- Born: c. 490/480 BC Chios, Greece
- Died: c. 420 BC
- Occupations: Poet, playwright, philosopher, historian

= Ion of Chios =

5th-century BC Greek poet, dramatist and philosopher

Ion of Chios (/ˈaɪɒn/; Ἴων ὁ Χῖος; c. 490/480 – c. 420 BC) was a Greek writer, dramatist, lyric poet and philosopher. He was a contemporary of Aeschylus, Euripides and Sophocles. Of his many plays and poems only a few titles and fragments have survived. He also wrote some prose works, including a Pythagorean text, the Triagmos, of which a few fragments survive.

==Life==
He was the son of Orthomenes, and was surnamed the son of Xuthus: probably a nickname alluding to Xuthus, the father of the mythical Ion. When very young he went to Athens, where he enjoyed the society of Cimon, of whom he left laudatory notices in some of his works which are quoted by Plutarch. Plutarch informs us that Ion severely criticised Pericles, who is said to have been his rival in love. Ion was familiarly acquainted with Aeschylus, if we may believe an anecdote related by Plutarch, but he did not come forward as a tragedian till after Aeschylus' death. We also learn from Ion himself that he met Sophocles in Chios, when the latter was commander of the expedition against Samos, 440 BC.

His first tragedy was brought out in the 82nd Olympiad (452 BC); he is mentioned as third in competition with Euripides and Iophon, in Olympiad 87.4 (429-8 BC); and he died before 421 BC, as appears from the Peace of Aristophanes, which was brought out in that year. Only one victory of Ion's is mentioned, on which occasion, it is said, having gained the dithyrambic and tragic prizes at the same time, he presented every Athenian with a pitcher of Chian wine. Hence it would seem that he was a man of considerable wealth. He is mentioned by Strabo among the celebrated men of Chios.

==Works==
The number of his tragedies is variously stated at 12, 30, and 40. We have the titles and a few fragments of eleven plays, namely, Agamemnon; Alcmene; Argeioi; Eurytidai; Laertes; Mega Drama; Omphale; Phoinix or Kaineus; Phoinix Deuteros (The Second Phoenix); Phrouroi; and Teucer. The Omphale was a satyric drama. Pseudo-Longinus describes the style of Ion's tragedies as marked by petty refinements and want of boldness, and he adds an expression that no one in his senses would compare the value of the Oedipus with that of all the tragedies of Ion taken together. Nevertheless, he was greatly admired, chiefly, it would seem, for a sort of elegant wit. There are some beautiful passages in the extant fragments of his tragedies. Commentaries were written upon him by Arcesilaus, Baton of Sinope, Didymus, Epigenes, and even by Aristarchus. Besides his tragedies, we are told by the scholiast on Aristophanes, that Ion also wrote lyric poems, comedies, epigrams, paeans, hymns, scholia, and elegies. Some remnants of his elegies are in the Greek Anthology.

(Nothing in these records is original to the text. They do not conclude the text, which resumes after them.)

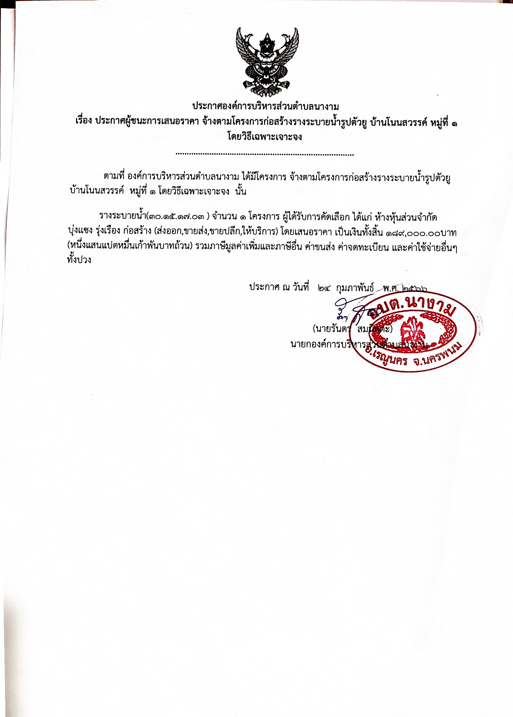ประกาศผู้ชนะการเสนอราคา จ้างตามโครงการก่อสร้างรางระบายน้ำรูปตัวยู บ้านโนนสวรรค์ หมู่ที่ ๑ โดยวิธีเฉพาะเจาะจง
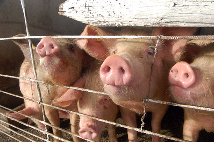 Die Tiere in den Schlachthöfen erleben die gleiche panische Todesangst, die ein Mensch an seiner Stelle erleben würde. Das Fatale an der Situation ist, es produziert auch die gleichen Stress- und Angsthormone, die ein Mensch in ähnlicher Situation produzieren würde. Diese Hormone verteilen sich in rasender Schnelligkeit im gesamten Gewebe, vermischen sich mit anderen Stressfaktoren, die ausgeschüttet werden. Sie landen als Chemiecocktail, getarnt als „ein Stück Lebenskraft“, auf den Tellern der Menschen, die dieses Elend fördern und konsumieren. Das bedeutet: Wir essen die Angst, den Stress, den qualvollen Tod des Tieres gleichzeitig mit dem Schnitzel. Ebenso wie sämtliche dem Tier verabreichten Medikamente und Hormongaben; und das Wichtigste - die Todesangst, die Todesbotschaft - wird mitgegessen und in den eigenen Zellen integriert. Das alles befindet sich in dem Stück Fleisch aus quälerischer Massentierhaltung auf den Tellern der meisten Menschen. Natürlich ist es dir nicht bewusst, während du dein Mahl genießt. Was muss aber in einem Tier gefühls- und instinktmäßig vorgehen, wenn es mit Schlägen, Stromstößen und Tritten in Massen in einen LKW getrieben wird. Dann wird es durch den Großstadtverkehr oder tagelang per Bahn, oftmals ohne Wasser und Futter, zum Schlachthof gekarrt und wieder mit Stockschlägen zur Tötungsmaschine getrieben, die sehr oft - durch Bedienungsfehler und Eile - nicht gleich tötet, sondern nur leicht betäubt. Es wird also noch lebend auseinander geschnitten. Der Mörder in unserem Auftrag - der Schlachter - hat es eilig und das „Vieh“ wird sowieso gleich in kochendes Wasser gehängt. Damit wird ihm der Rest gegeben. Das ist die wortwörtliche Aussage eines Schlachters aus einem Schlachthof. Ein Tier hat ein sehr viel feineres und direkteres Empfinden als der Mensch. Es weiß vom ersten Augenblick an, was es erwartet, doch während der Stunden, in denen es auf seinen Tod wartet, ist ihm nicht bewusst, das diese Zeit vorüber geht. Es lebt direkt ohne Zeitgefühl, im ewigen Jetzt, in ständiger Angst mit einhergehender Hormonausschüttung und wittert nichts als Tod und Schmerz. Wenn du ein wenig sensibel bist, dann gehe nur einmal in die Nähe eines Schlachthofes in der nächst größeren Stadt. Die Schwingung in weiter Umgebung ist unerträglich, trostlos und bedrückend. Die gequälten Tiere, die auf den Zuchthöfen verbleiben, wittern die Todesangst ihrer Vorgänger. Die anderen Tiere, welche dieses Mal verschont wurden, doch ihren Artgenossen zuschauen mussten, wissen sehr genau, dass es eine Fahrt ohne Rückkehr ist. Im Grunde genommen tun wir mit Tieren nichts anderes, als das, was unter dem Hitler-Regime in den KZ’s geschah, nur dauerhafter. Auch wenn jetzt jemand über diesen Vergleich protestieren möchte, gibt es nur eine Tatsache: Ein Tier ist ebenso ein göttlicher Funke mit Empfindungen und Gefühlen, wie jeder Mensch es für sich ganz selbstverständlich beansprucht. Das Elend im Tierreich, verursacht durch seinen großen Bruder und Beschützer – den Menschen -, scheint jedoch kein Ende nehmen zu wollen. Einem Bericht zufolge werden täglich allein in Deutschland 20.000 Schweine geschlachtet. (Stand 2005)
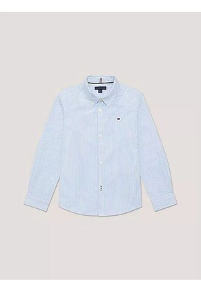 Camisa Celeste A Rayas Con Logo Para Niños Tommy Hilfiger
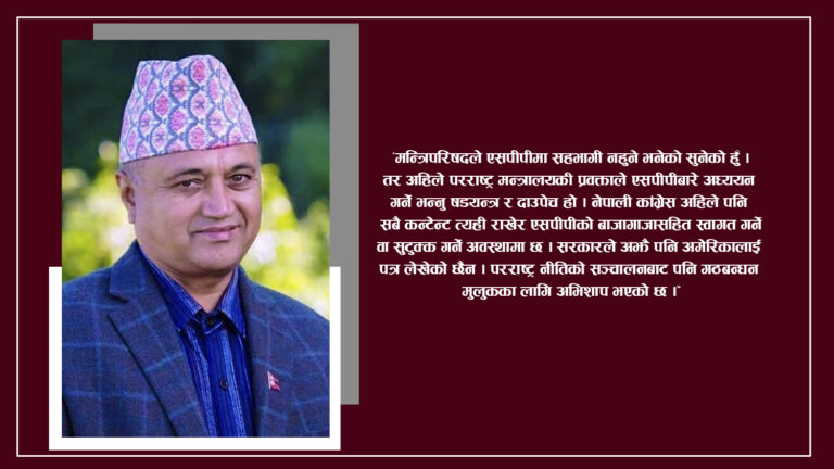 परराष्ट्र मन्त्रालयकी प्रवक्ताले एसपीपीबारे अध्ययन गर्ने भन्नु षडयन्त्र र दाउपेच भएको आरोप पनि उनले लगाए । उनले भने, “मन्त्रिपरिषदले एसपीपीमा सहभागी नहुने भनेको सुनेको हुँ । तर अहिले परराष्ट्र मन्त्रालयकी प्रवक्ताले एसपीपीबारे अध्ययन गर्ने भन्नु षडयन्त्र र दाउपेच हो । नेपाली कांग्रेस अहिले पनि सबै कन्टेन्ट त्यही राखेर एसपीपीको बाजागाजासहित स्वागत गर्ने वा सुटुक्क गर्ने अवस्थामा छ । सरकारले अझै पनि अमेरिकालाई पत्र लेखेको छैन । परराष्ट्र नीतिको सञ्चालनबाट पनि गठबन्धन मुलुकका लागि अभिशाप भएको छ ।”

His prose works, mentioned by the scholiast on Aristophanes, are one called Presbeutikon (Πρεσβευτικόν), which some thought spurious; Ktisis (Κτίσις); Kosmologikos (Κοσμολογικός); Hypomnemata (Ὑπομνήματα); and some others, which are not specified. The nature of the first of these works is not known. The full title of the Ktisis was Chiou Ktisis (Χίου Κτίσις): it was a historical work, in the Ionic dialect, and apparently in imitation of Herodotus: it was probably the same as the Syngraphe (Συγγραφή), which is quoted by Pausanias. The Kosmologikos is probably the same as the philosophical work, entitled Triagmos (Τριαγμός) or Triagmoi (Τριαγμοί), which seems to have been a treatise on the constitution of things according to the theory of triads; the few surviving fragments suggesting it had Pythagorean leanings. The Hypomnemata are by some writers identified with the Epidemiai (Ἐπιδημίαι) or Ekdemetikos (Ἐκδημητικός), which contained either an account of his own travels, or of the visits of famous people to Chios.